元勇者と鉄錆の主
幼女がいる方向、その間にある樹木を躱し最短の道を最小限の労力で突き進む。
途中で当然だが魔物がいるがドラゴンにビビっているのかドラゴンのいる方角を気にしており、横を通った俺に通り過ぎてから気が付き、風圧ですっ転んでいるのを横目で見ながらも速度は落とさない。
走りながら10秒ごとに[透過の水唱剣]を投げ、幼女の位置を再確認する。
そして巨大な樹木が見え、その根元で幼女は微笑んでおり、その幼女を食おうと口を開いたドラゴンが見えた。
反射的に魔力を高め、ドラゴンの意識を俺に向ける。
するといきなり自身よりも高い魔力に驚いたのかドラゴンは止まると俺の方を睨みながら一歩後ずさる。

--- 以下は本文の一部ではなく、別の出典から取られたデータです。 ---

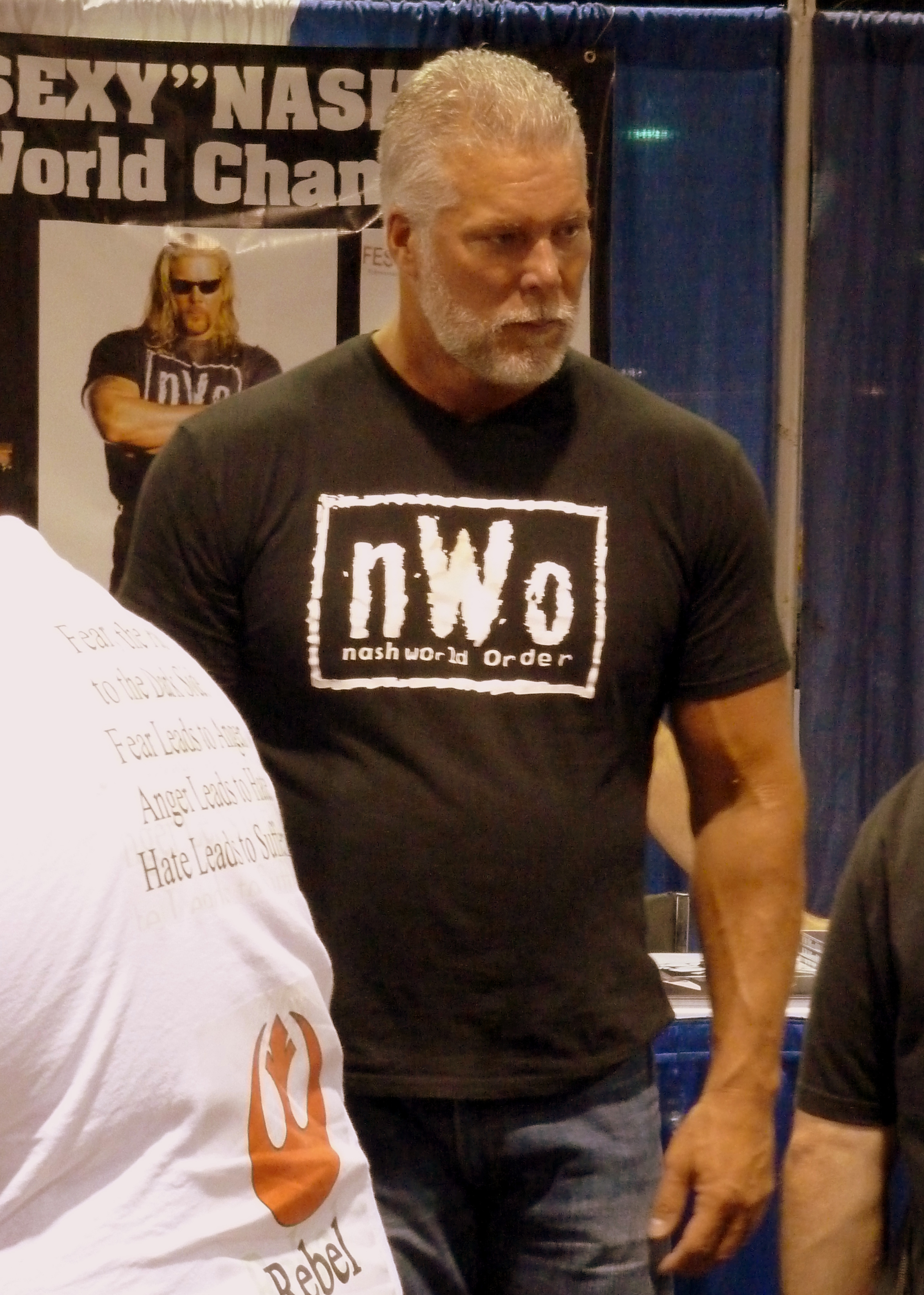 Kevin Nash with a NWO T-Shirt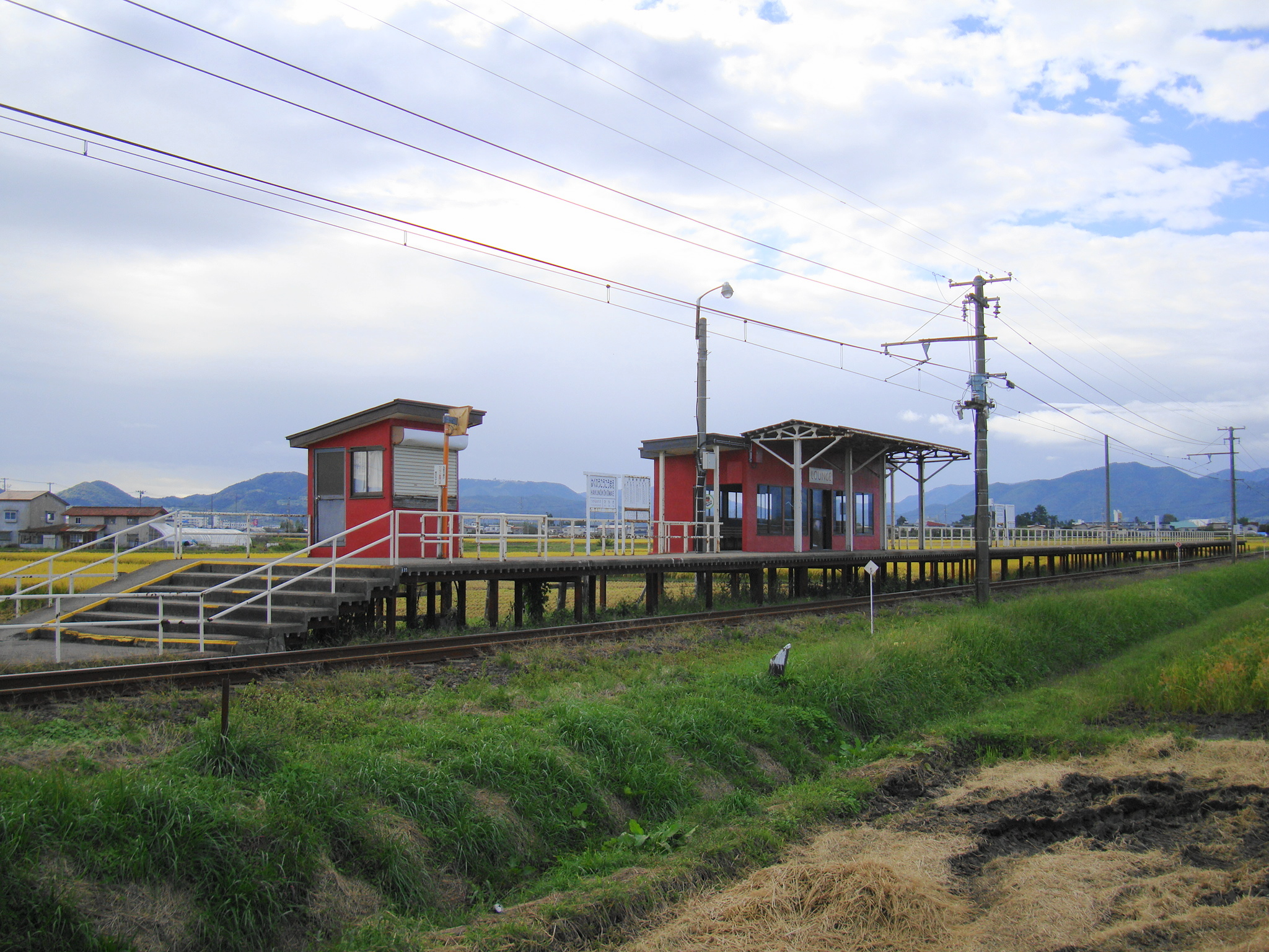 Hakunō Kōkō-mae Station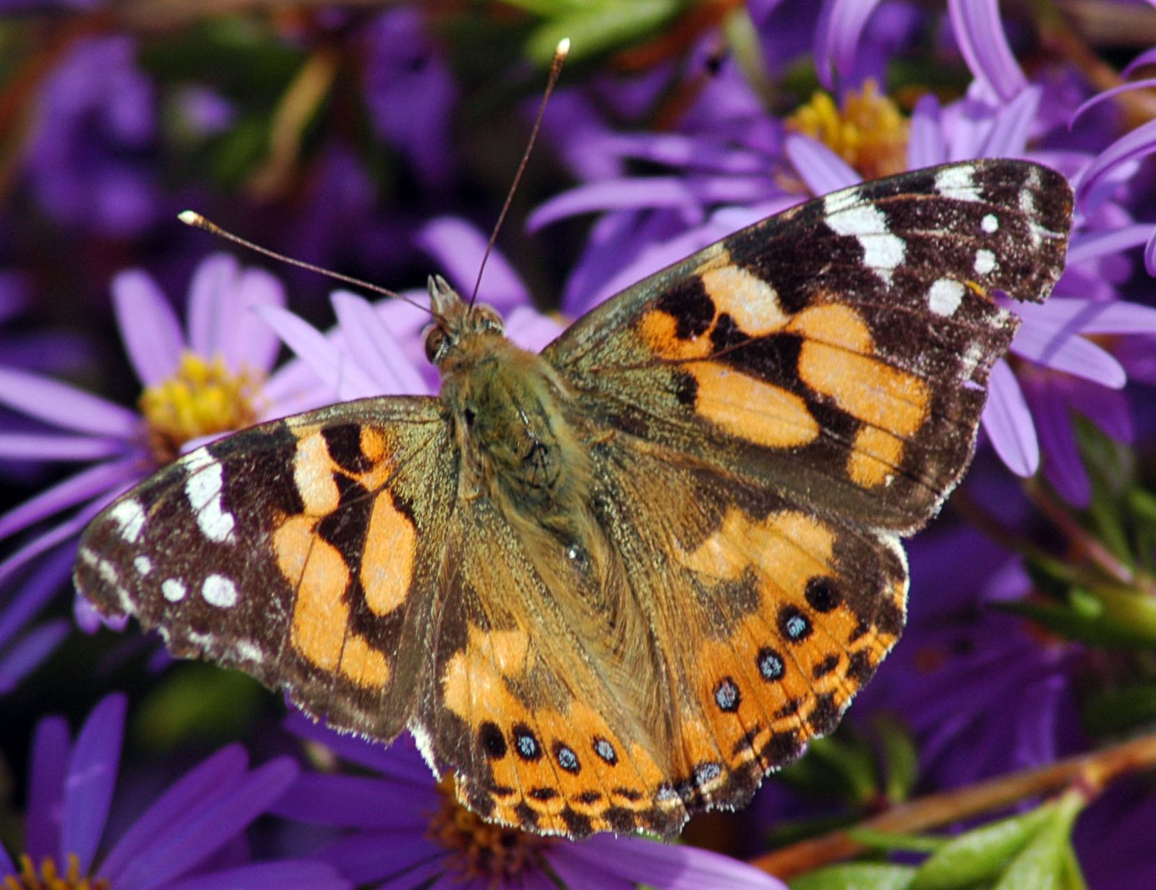 Australian Painted Lady Butterfly, Vanessa kershawi. Tasmania.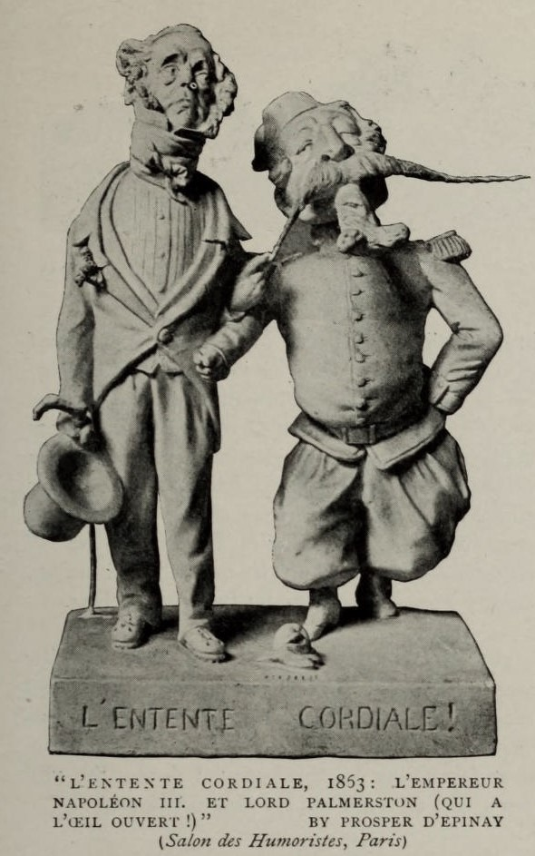 L'Entente Cordiale 1863, by Prosper d'Epinay, Salon des Humoristes, Paris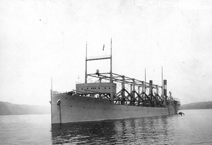 USS Cyclops (1910-1918); Anchored in the Hudson River, off New York City.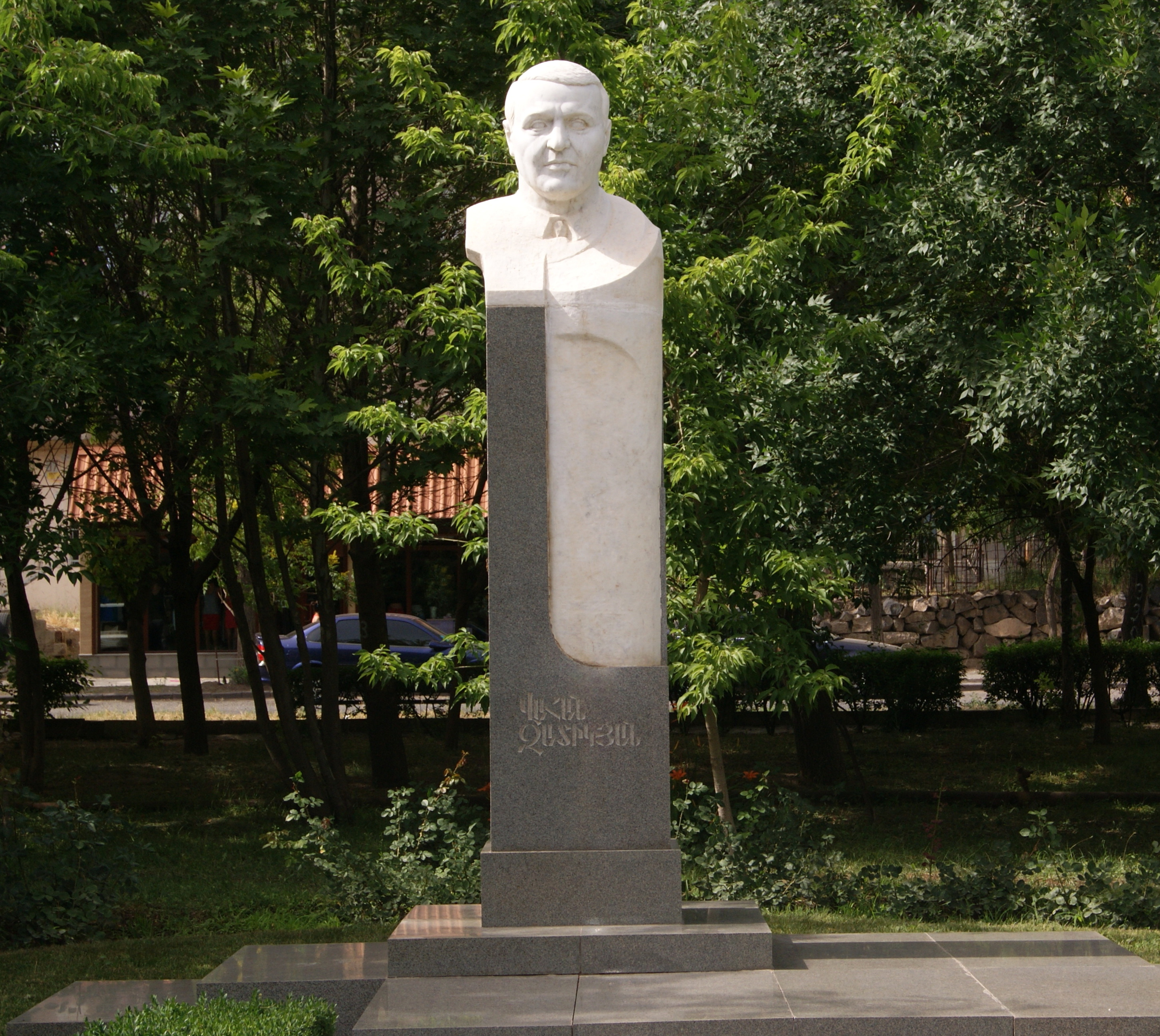 Վահան Զատիկյանի կիսանդրին նրա անվան այգում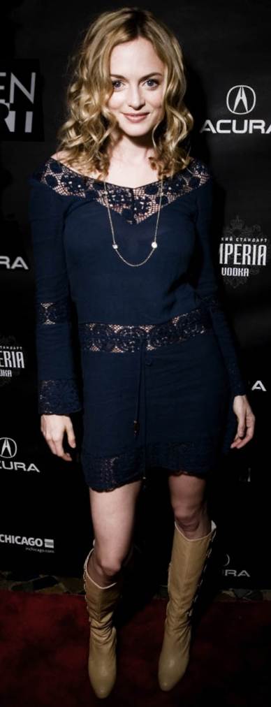 Heather Graham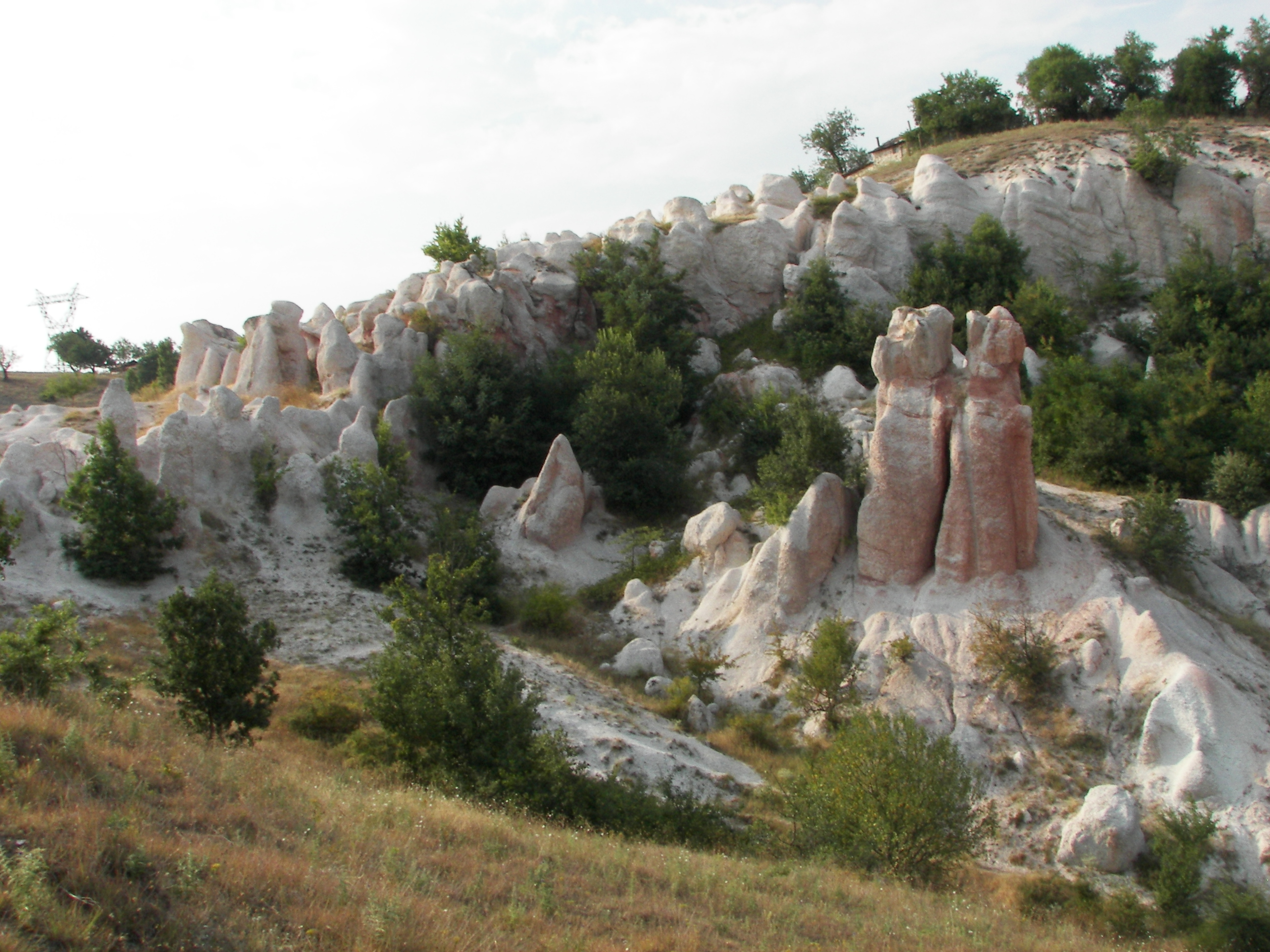 The natural phenomenon Kamenna svatba in Southeast Bulgaria near Kardzhali.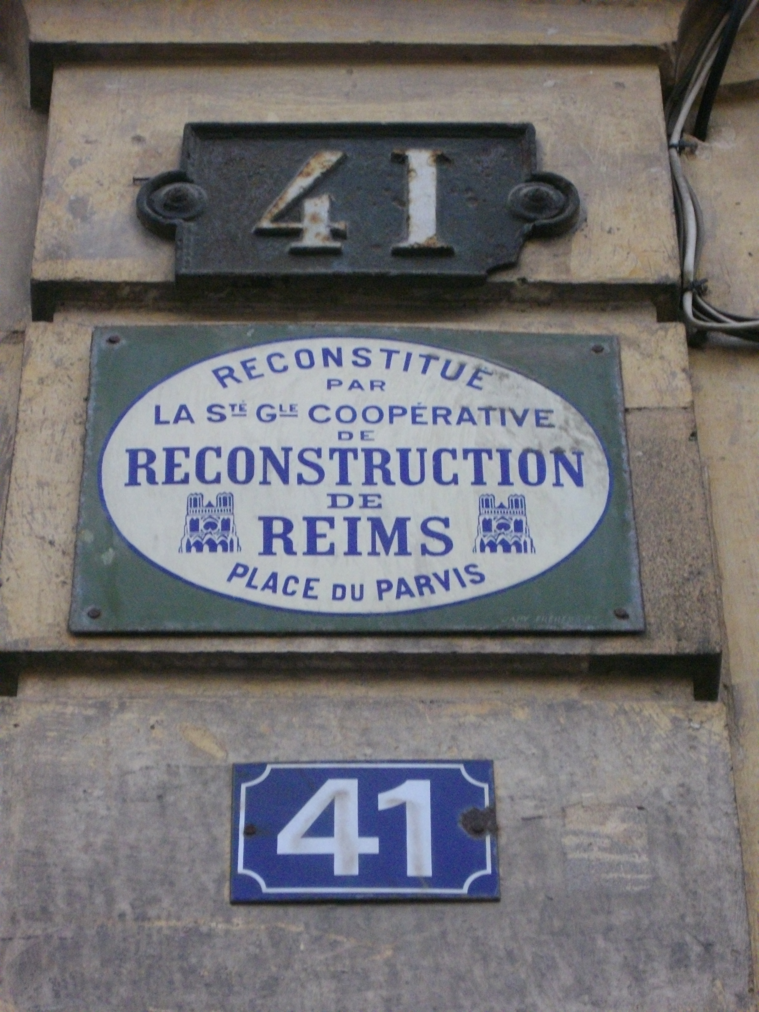 Reconstruction plaque on the building at 41 Camille Lenoir street, in Reims (Marne, France)

俺はそんなドラゴンを気に留めず、魔法で自分の周囲の風を操作して幼女の前で止まる。その際の風圧も魔法で搔き消した。
「ごめん。ちょっと遅れた。」
そう言い、幼女の頭をそっと撫でた。
そう言えば一緒に暮らしていたがお互い名前を知らないなとふと思うが後にしよう。
幼女は微笑みが消え、変わりにぽかんとしていた。
こんな顔もするんだなとちょっと驚いたが次の瞬間幼女は苦しそうに口を開き、何かを必死に伝えようとしている。
まぁ多分だけど逃げてとか、危ないとかだろう。
「………て…。…に………。」
けど声は出ずに掠れた小さな音が響くだけ…。
悲しそうに、苦しそうにしている幼女の顔を見ながら語り掛ける。
「ごめんな?心配かけて、お前が安心出来るように頑張るから、だから、ちょっとだけ待っとけよ?」
語り掛けながら撫でてた手を幼女の耳に付いている邪魔になった物に触れ、魔法を使う。
無詠唱で発動した{クリエイト}によりドッグタグは外れ、その中にあった魔方陣も搔き消し、小さなミスリルの塊を手に持つ。
そのまま振り返り、威嚇しているドラゴンに向かう。
幼女を追っていた時の余裕はなくて、変な唸り声を上げながらいつでも襲える様に力を込めているのがよく分かる。
「……鉄錆の主、お前には一応感謝してる。」
話しながら、スキルの一つを発動する。
[鍛治神の教義]
足元が騒めき、地中から鉄分が浮き上がる。
「きっとお前がいなかったら俺はなし崩しであの子を捨てていた。」
浮き上がった鉄分が光を反射しながらミスリルに纏わりつく。
「一人が嫌だとか、そんな自分にも気が付かなかった。」
ミスリルと鉄が混ざり、形を変える。
「だから、お前には感謝してる。…………けど。」
形は剣へと至り、そして魔剣へと変質させる。
「あの子が俺を逃がすためにあの行動を取ったなら俺は示さないといけない。」
込めるのは風の最上位、この世界で使えるのがいるのかすら知らない。
「何より、あの子を怖がらせたから許すつもりは無いんだ。」
その魔法を濃縮し、数十発分を込めて、剣先に作り出す。
ゆっくりと、剣を振り被った。
「ギャアアァァオオオオオオォォォ!!!」
我慢ができなかったのか、それとも恐怖心に襲われたのか、振り被ると同時にドラゴンは襲い掛かって来た。
背後から幼女の息を飲む音が聞こえて、迫る顎門は遅く感じ、恐怖は感じず、振り抜いた。
小さな小さな風の球体はドラゴンの口内に呑み込まれ、ドラゴンの動きが眼前で止まる。
至近距離で見たドラゴンの眼には意味が分からないと言わんばかりの感情と、恐怖心に塗れていた。
ゆっくりとドラゴンは背後に引き摺られて行く。少しずつ、少しずつ速度は上がり元々いた位置まで戻るとドラゴンの身体が刻まれて弾ける。
目の前で結界を張り、迫る風と血糊を防ぎつつ振り返った。
そこにはぽかんとしている幼女がいる。この幼女は以外と表情豊かなのかもしれない。